10. The Reliance Group of companies, of which the company is a part, supported an independent company in which the company holds less than 2% of equity shares (EPC Company) to inter alia undertake contracts and assignments for the large number of varied projects in the fields of power (thermal, hydro and nuclear), roads, cement, telecom, metro rail, etc. which were proposed and / or under development by the Group. To this end, along with other companies of the Group, the company funded EPC Company by way of EPC advances, subscription to Debentures and Preference Shares and inter-corporate deposits. The aggregate funding provided by the company as on 31st March, 2019 was Rs. 7,082.96 crores (previous year Rs. 10,936.62 crores) net of provision on Rs. 3,972.17 crores, Rs. 2,697.17 crores). In addition, the company has provided corporate guarantees during the year aggregating (net of subsequent cancellation) to Rs. 1,775 crores.

 

The activities of EPC Company have been impacted by the reduced project activities of the companies of the Group. In the absence of the financial statements of the EPC Company for the year ending 31st March, 2019 which are under compilation, it has not been possible to complete the evaluation of the nature of relationship, if any, between the independent EPC Company and the company. At present, based on the analysis carried out in earlier years, the EPC Company has not been treated as related party.

 

Similarly, in the absence of full visibility on the assets and liabilities of the EPC Company, and after considering the reduced ability of the holding company of the Reliance Group of Companies to support the EPC Company, the company has provided / written-off further Rs. 2,042.16 crores during the year in respect of the outstanding amount advanced to the EPC Company.
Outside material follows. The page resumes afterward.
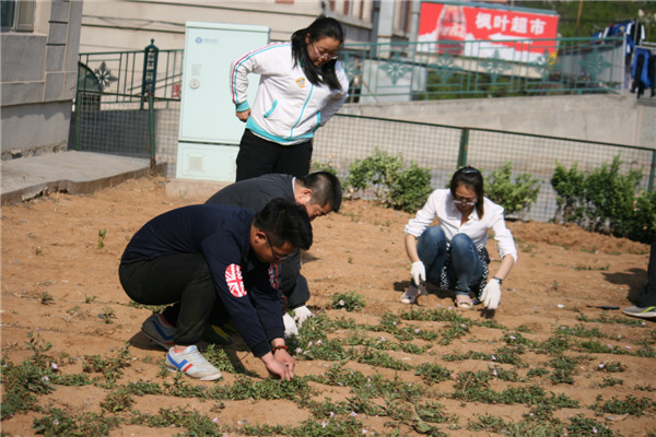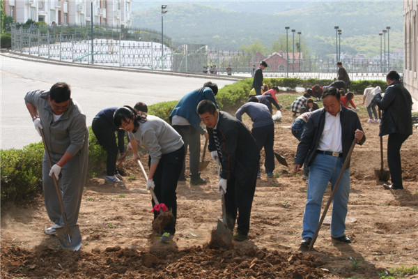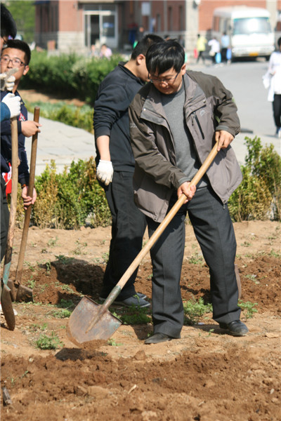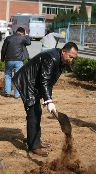 由于党员较多,活动分两组进行,5月9日下午3:00,教务党小组、招生办党小组、机关党小组、学生党小组全体党员共计37人为第一批劳动对象全部准时集合在1号教学楼后,为300多平方米的“党员责任田”进行拔草和翻土的义务劳动。劳动中,不论平时工作中是校长、还是处长等干部,铁锨在握,锄头在手,不怕脏,不怕累,相互协作,以饱满的精神,认真的态度投入其中,充分发挥党员的创先争优精神和模范带头作用,申秀梅书记在劳动中示范指引大家如何铲草才能除根。杨捷校长带领男党员教师翻土,并在活动现场说道:“劳动是一切财富的源泉,热爱劳动不仅是社会主义思想所倡导的一种美德,也是我们中华民族的传统美德。党支部理所当然地应该在全学校大张旗鼓地倡导热爱劳动、尊重劳动、崇尚劳动的风气。”并对党支部提出要求,要将活动不走过场,不搞形式主义的持续进行下去。当日气温高达24度,全体党员汗流浃背,你脱外套,我卷衣袖,一点没有停歇的意思,干劲十足。一阵风起,黄土飞扬,扑的满身都是。然而大家却笑了,不是风、也不是土的缘故,是热情将这次劳动推向了高潮。在不到2个小时的时间里,完成了全部任务。在师生当中树立了党员应有的光辉形象。党员同志们以自己的实际行动实践了共产党员的先进性,诠释了共产党员先进性的真正含义。这次活动,进一步让学校党员在全院师生面前树立起了“一名党员、一面旗帜”的良好形象并带动大家一起提高爱校护校的意识。学校绿化部的师傅在场感叹道,真是人多力量大,党员们也纷纷表示,会将这样的劳动持续下去。
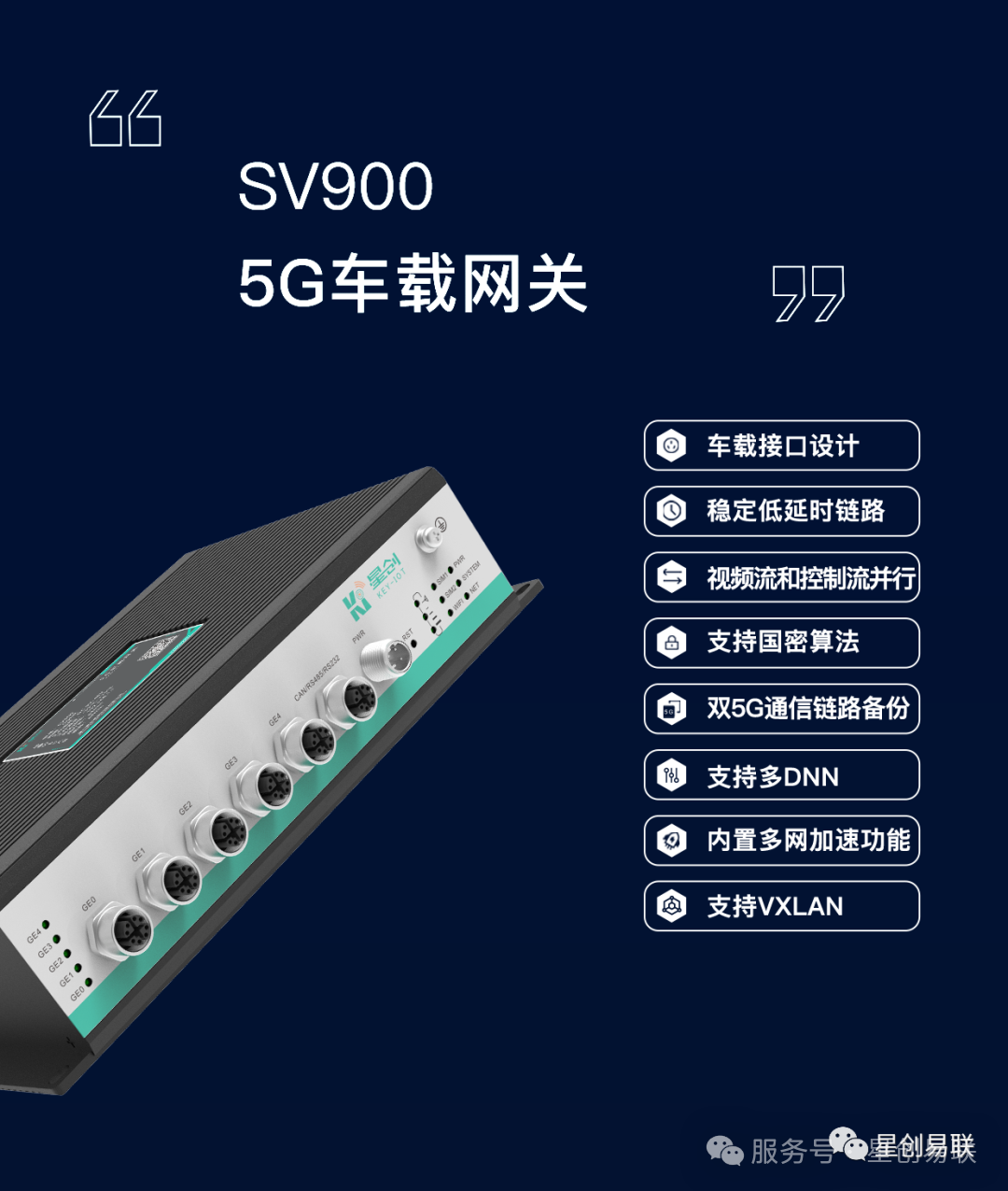 星创易联双5G车载网关SV900,搭载双核高性能处理器,通过M12-X型接口对接车端多种关键车载终端,如域控、雷达等;并借助双5G网络,为无人驾驶提供强有力的网络支撑,保障低延时、大带宽的网络接入能力,且有完备的软硬件自检机制,保障端到云的稳定、高效通讯。

Given the huge opportunity in the EPC field, particularly considering the Government of India’s thrust on infrastructure sector coupled with increasing project and EPC activities of the Reliance Group, the EPC Company with its experience will be able to achieve substantial project activity in excess of its current levels, thus enabling the EPC Company to meet its obligations. The company is reasonably confident that the provision will be adequate to deal with any contingency relating to recovery from the EPC Company.